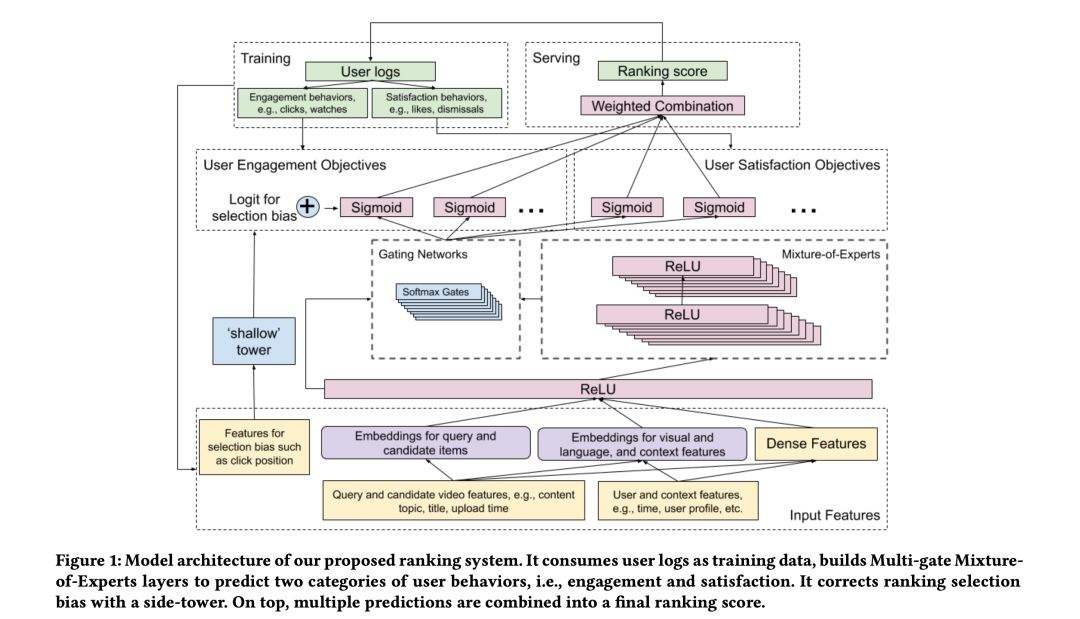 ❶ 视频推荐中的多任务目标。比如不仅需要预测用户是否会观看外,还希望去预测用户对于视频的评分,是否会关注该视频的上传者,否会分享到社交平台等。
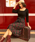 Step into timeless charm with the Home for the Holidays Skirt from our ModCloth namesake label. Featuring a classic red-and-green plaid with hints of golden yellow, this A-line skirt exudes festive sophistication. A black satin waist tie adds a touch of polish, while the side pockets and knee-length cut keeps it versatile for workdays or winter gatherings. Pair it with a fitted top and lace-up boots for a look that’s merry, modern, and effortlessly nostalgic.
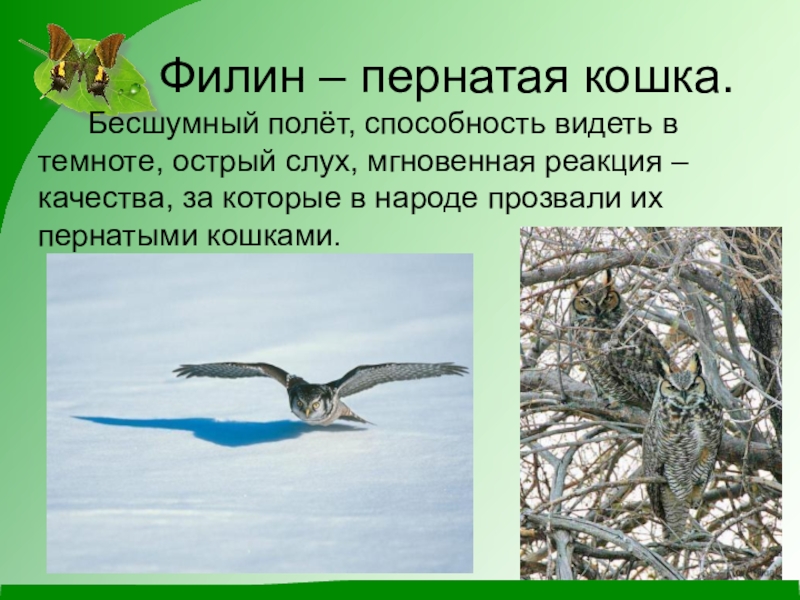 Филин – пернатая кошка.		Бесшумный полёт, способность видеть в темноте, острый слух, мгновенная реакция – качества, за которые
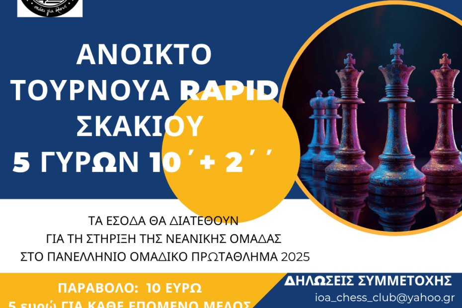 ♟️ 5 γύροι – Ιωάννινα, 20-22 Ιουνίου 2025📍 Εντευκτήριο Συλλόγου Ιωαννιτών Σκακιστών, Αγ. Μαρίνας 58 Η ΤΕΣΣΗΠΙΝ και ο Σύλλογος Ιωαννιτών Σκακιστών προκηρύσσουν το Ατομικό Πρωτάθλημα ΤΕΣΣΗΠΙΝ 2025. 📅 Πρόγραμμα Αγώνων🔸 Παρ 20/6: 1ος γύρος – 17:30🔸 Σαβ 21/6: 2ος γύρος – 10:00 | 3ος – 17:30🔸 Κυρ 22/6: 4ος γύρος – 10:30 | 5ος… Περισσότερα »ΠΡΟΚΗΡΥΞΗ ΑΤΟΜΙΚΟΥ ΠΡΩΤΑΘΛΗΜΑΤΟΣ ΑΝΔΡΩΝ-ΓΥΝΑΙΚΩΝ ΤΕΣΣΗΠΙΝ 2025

* * *

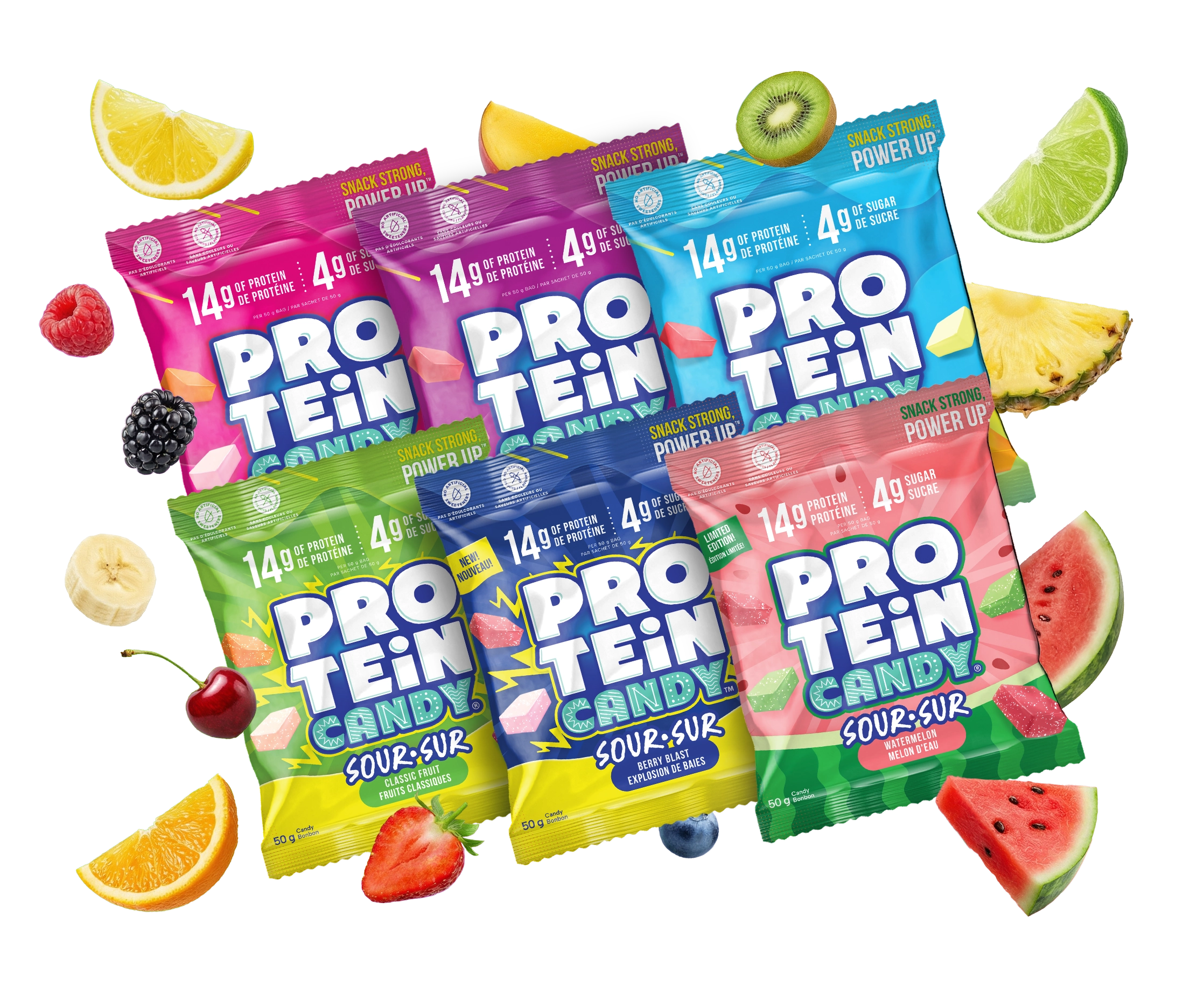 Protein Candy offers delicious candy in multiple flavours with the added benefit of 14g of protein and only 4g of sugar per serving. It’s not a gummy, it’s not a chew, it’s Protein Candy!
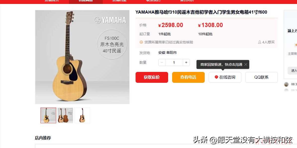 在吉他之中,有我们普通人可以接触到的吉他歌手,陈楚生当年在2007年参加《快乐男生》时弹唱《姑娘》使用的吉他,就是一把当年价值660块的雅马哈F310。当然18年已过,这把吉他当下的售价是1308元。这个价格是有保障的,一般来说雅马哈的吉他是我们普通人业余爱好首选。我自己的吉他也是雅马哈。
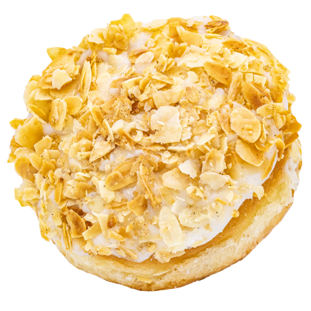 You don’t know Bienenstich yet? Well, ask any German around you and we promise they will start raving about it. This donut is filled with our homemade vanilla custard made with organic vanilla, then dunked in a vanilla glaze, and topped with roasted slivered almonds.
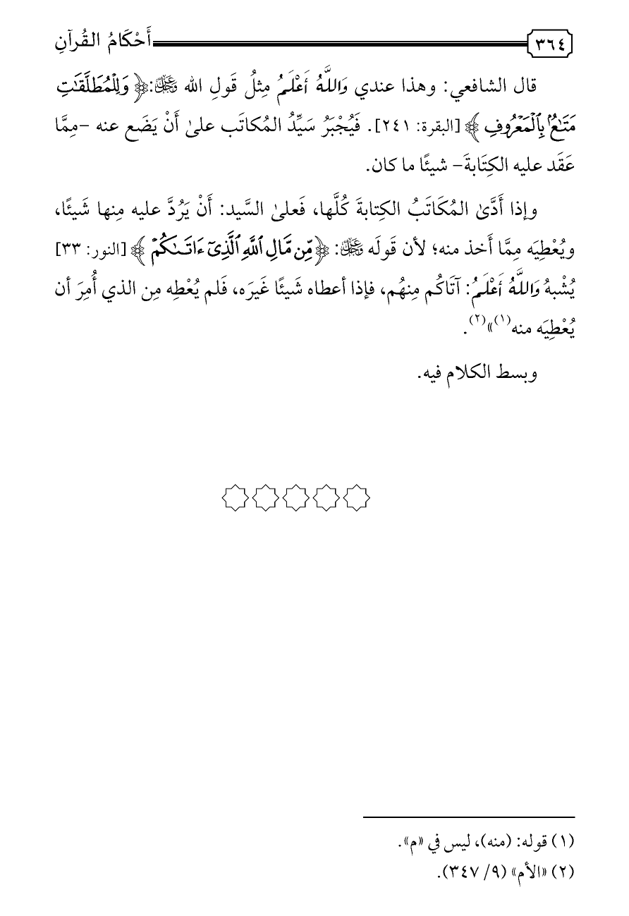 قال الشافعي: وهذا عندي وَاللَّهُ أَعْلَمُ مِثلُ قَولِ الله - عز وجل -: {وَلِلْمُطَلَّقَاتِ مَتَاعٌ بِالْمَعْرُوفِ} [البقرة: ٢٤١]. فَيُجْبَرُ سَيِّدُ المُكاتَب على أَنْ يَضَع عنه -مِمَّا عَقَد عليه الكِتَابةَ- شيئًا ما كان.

## What this task involves
Could you transcribe exactly the entries above, but only the lines from the one with "Филин – пернатая" through the one with "ΑΝΔΡΩΝ-ΓΥΝΑΙΚΩΝ ΤΕΣΣΗΠΙΝ 2025", and without pictures?

## Output of the exercise
 Филин – пернатая кошка.		Бесшумный полёт, способность видеть в темноте, острый слух, мгновенная реакция – качества, за которые
 ♟️ 5 γύροι – Ιωάννινα, 20-22 Ιουνίου 2025📍 Εντευκτήριο Συλλόγου Ιωαννιτών Σκακιστών, Αγ. Μαρίνας 58 Η ΤΕΣΣΗΠΙΝ και ο Σύλλογος Ιωαννιτών Σκακιστών προκηρύσσουν το Ατομικό Πρωτάθλημα ΤΕΣΣΗΠΙΝ 2025. 📅 Πρόγραμμα Αγώνων🔸 Παρ 20/6: 1ος γύρος – 17:30🔸 Σαβ 21/6: 2ος γύρος – 10:00 | 3ος – 17:30🔸 Κυρ 22/6: 4ος γύρος – 10:30 | 5ος… Περισσότερα »ΠΡΟΚΗΡΥΞΗ ΑΤΟΜΙΚΟΥ ΠΡΩΤΑΘΛΗΜΑΤΟΣ ΑΝΔΡΩΝ-ΓΥΝΑΙΚΩΝ ΤΕΣΣΗΠΙΝ 2025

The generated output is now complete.